Veru updated clinical results from the fully-enrolled Phase Ib/II trial of VERU-111 in metastatic castration-resistant prostate cancer who became resistant to a novel androgen blocking agent such as abiraterone or enzalutamide. VERU-111 is a fist-in-class oral alpha and beta tubulin inhibitor. The drug was safe and well tolerated with no significant neutropenia or neurotoxicity, with durable PSA declines, objective tumor regression and stable disease.
Takeda Pharmaceutical presented data at ESMO, including insights from sub-analyses of its Phase III ALTA 1L trial, which reinforced intracranial efficacy with Alunbrig (brigatinib) as a first-line treatment for anaplastic lymphoma kinase-positive (ALK+) NSCLC as well as associated quality of life data. It also updated 10-month follow-up results from the Phase I/II trial of mobocertinib, showing a duration of response (DoR) of more than one year in EGFR Exon20 insertion+ metastatic NSCLC.
Arcutis Biotherapeutics completed enrollment in DERMIS-1 and DERMIS-2, their pivotal Phase III trials of ARQ-151 (topical roflumilast cream) as a topical treatment for plaque psoriasis. The company recently announced positive preliminary data from the first cohort of its ongoing Phase II long-term safety trial in psoriasis.
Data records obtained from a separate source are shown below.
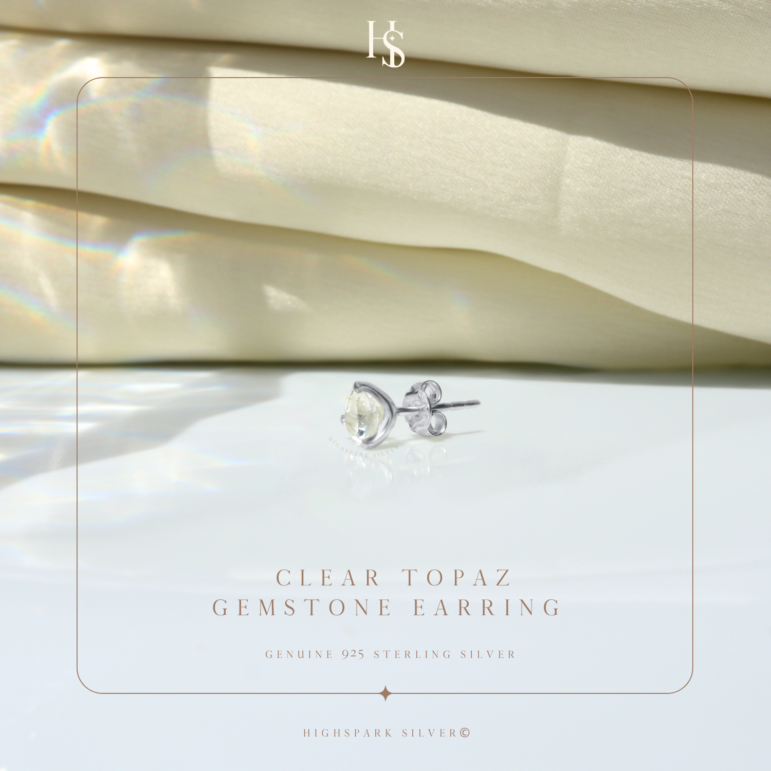 Real Clear Quartz Gemstone Earrings in 92.5 Sterling Silver For Men - 1 Piece Only
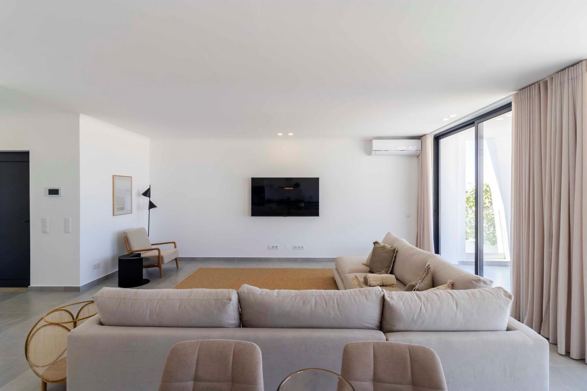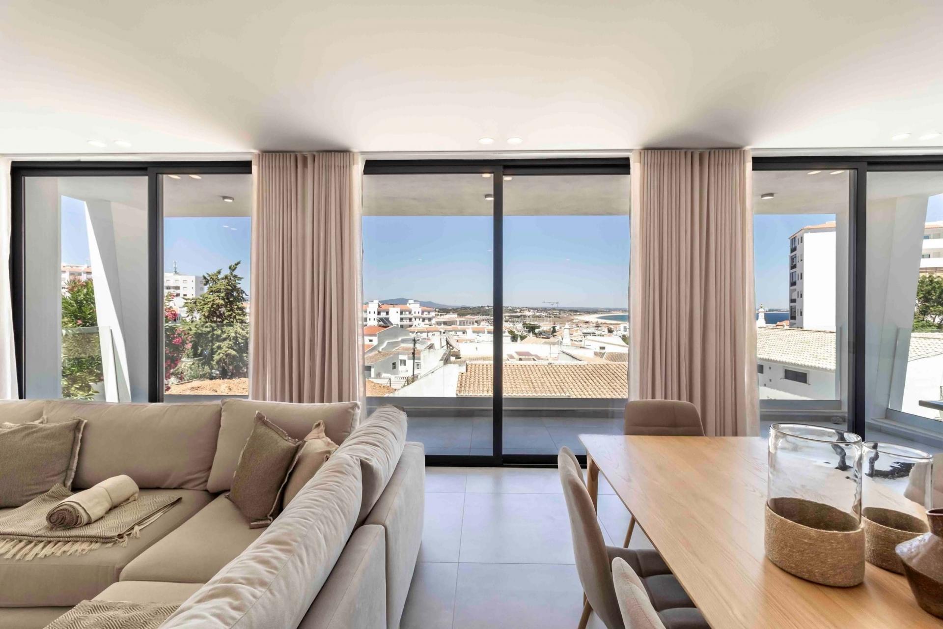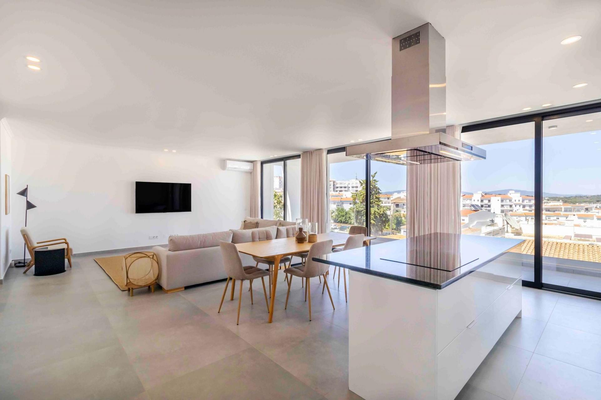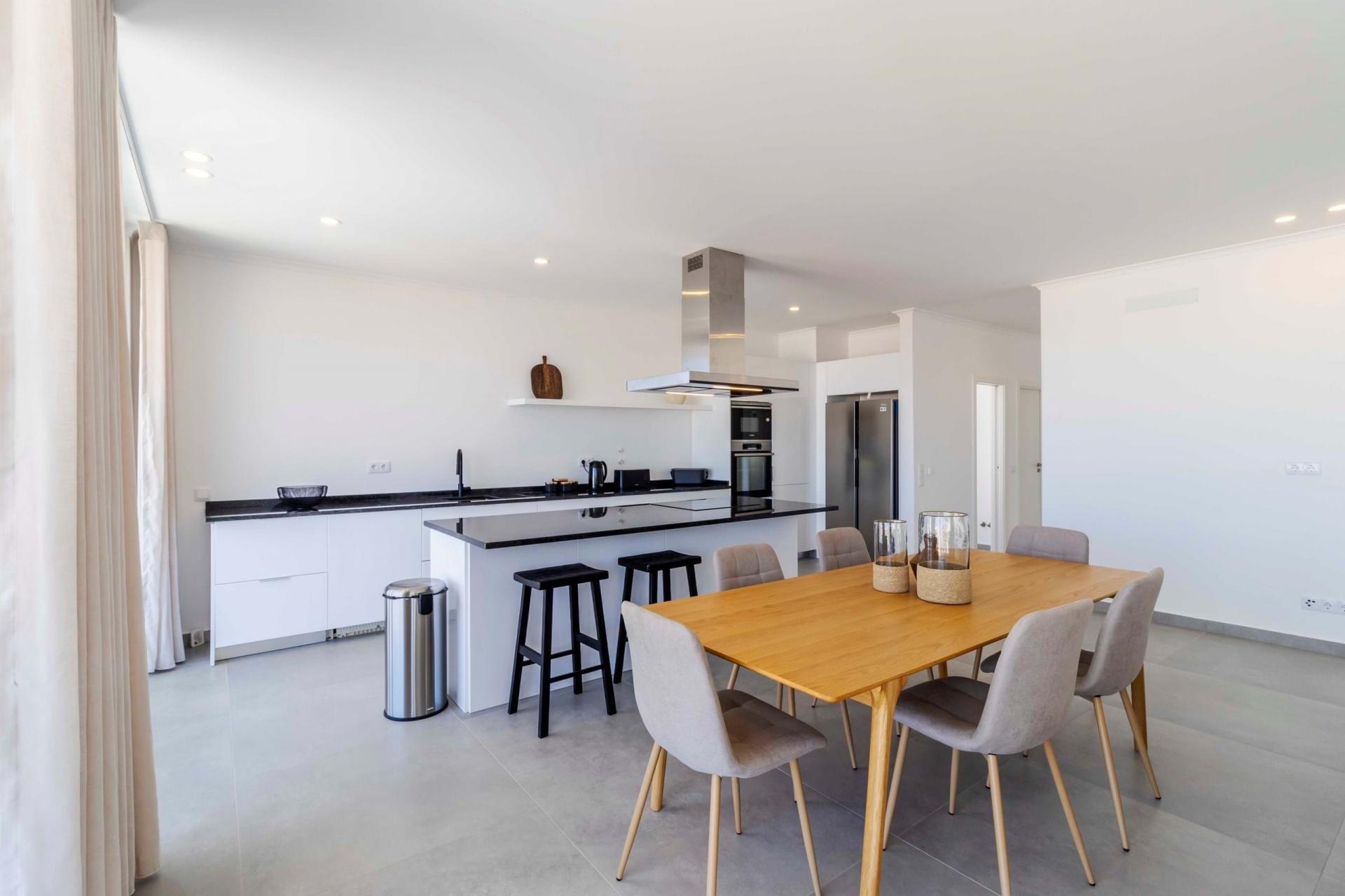 You enter the villa at the upper level where you have a spacious open plan lounge / dining / kitchen, which is fronted by wall-to-wall and floor-to-ceiling glass windows which maximize the view over Lagos and to the beach of Meia Praia.
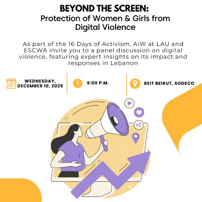 Dr. Abirafeh participated in several sessions at the conference including a plenary session entitled “The Power of Breaking Barriers: Systemic change, individual gain” and Moufeeda Haidar participated in the session “Beyond the #hashtag: Power and women’s movements in the era of #metoo”.
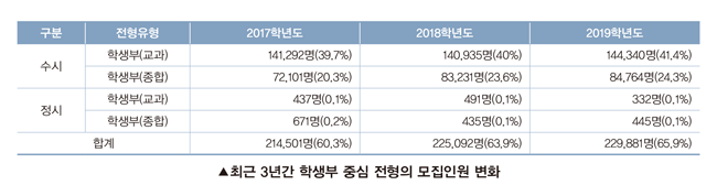 2019학년도 대학입학전형 주요 특징
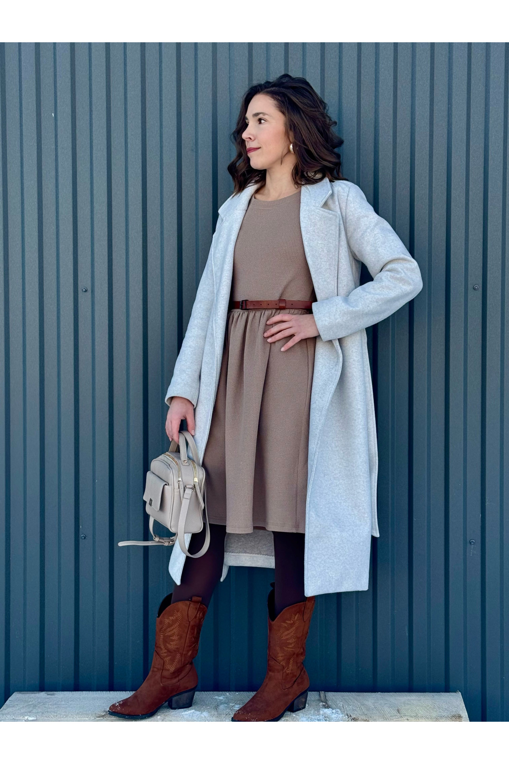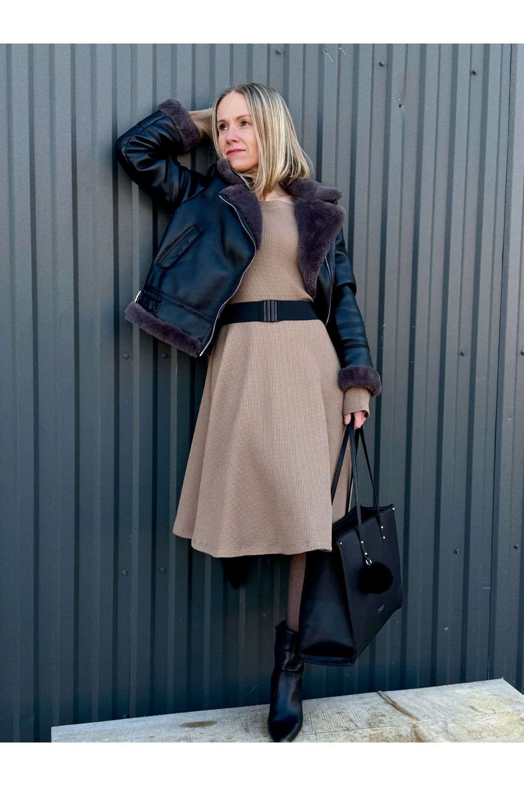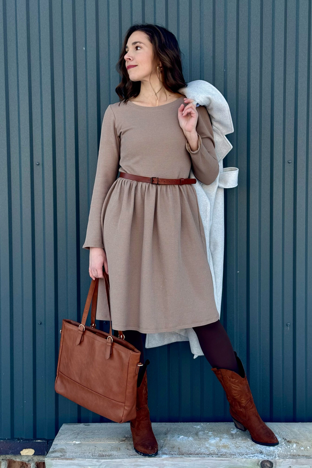 Vaflové bio bavlněné šaty Klasik - Zarina - oříšková - krátké 95 cm - vel. XS - skladem
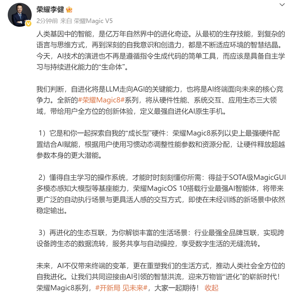 说到 AI,早在 9 月 8 日,荣耀 CEO 李健微博预热 Magic 8 系列时就表示,全新的#荣耀 Magic8#系列,将从硬件性能、系统交互、应用生态三大领域,带给用户全方位的创新体验,定义最强自进化 AI 原生手机。

AstraZeneca and Merck announced positive five-year follow-up data from the Phase III SOLO-1 trial, demonstrating long-term progression-free survival benefit of Lynparza compared to placebo as first-line maintenance treatment in newly diagnosed, advanced BRCA-mutated (BRCAm) ovarian cancer patients who were in complete or partial response to platinum-based chemotherapy. It reduced the risk of disease progression or death by 67% and improved median PFS to 56 months compared to 13.8 months for placebo.